§ Problem requirements
Return the data exactly, without pictures.

*** Opening of Available data ***

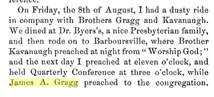 In July 1884 Denver, the Southern Methodist convention included Rev J. A. Gragg as a member of the committtee on conference relations. He was also appointed to the Following Committee on the state of the church.
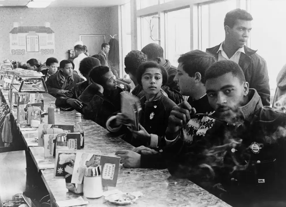 Сидячая забастовка в ресторане Toddle House, в Атланте, штат Джорджия. В помещении на фото: Тейлор Вашингтон, Айвенго Дональдсон, Джойс Лэднер, Джон Льюис за Джуди Ричардсон, Джордж Грин и Чико Неблетт. (Дэнни Лион / Библиотека Конгресса)
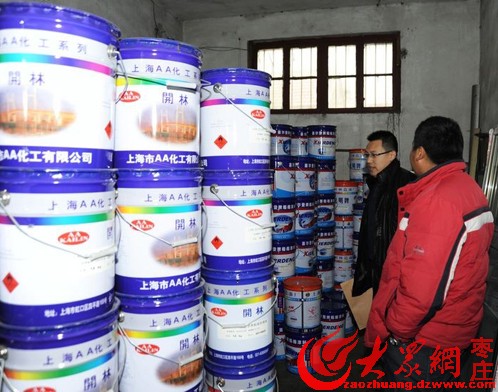 滕州警方端掉制售假油漆窩點 繳獲近千桶
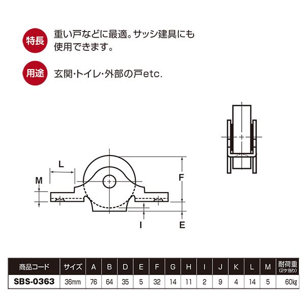 用途:玄関・トイレ・外部の戸etc.■商品スペック【仕様】車輪径D:35mm車輪幅J:9mm全長A:76mm枠幅G:14mm耐荷重(2個使用時):60kg【材質】車:ステンレス(SUS303+#608GGベアリング入)枠:ステンレス(SUS304)芯棒:ステンレス(SUS304)■送料・配送についての注意事項●本商品の出荷目安は【1 - 5営業日 ※土日・祝除く】となります。

*** Close of Available data ***

§ Answer box
 In July 1884 Denver, the Southern Methodist convention included Rev J. A. Gragg as a member of the committtee on conference relations. He was also appointed to the Following Committee on the state of the church.
 Сидячая забастовка в ресторане Toddle House, в Атланте, штат Джорджия. В помещении на фото: Тейлор Вашингтон, Айвенго Дональдсон, Джойс Лэднер, Джон Льюис за Джуди Ричардсон, Джордж Грин и Чико Неблетт. (Дэнни Лион / Библиотека Конгресса)
 滕州警方端掉制售假油漆窩點 繳獲近千桶
 用途:玄関・トイレ・外部の戸etc.■商品スペック【仕様】車輪径D:35mm車輪幅J:9mm全長A:76mm枠幅G:14mm耐荷重(2個使用時):60kg【材質】車:ステンレス(SUS303+#608GGベアリング入)枠:ステンレス(SUS304)芯棒:ステンレス(SUS304)■送料・配送についての注意事項●本商品の出荷目安は【1 - 5営業日 ※土日・祝除く】となります。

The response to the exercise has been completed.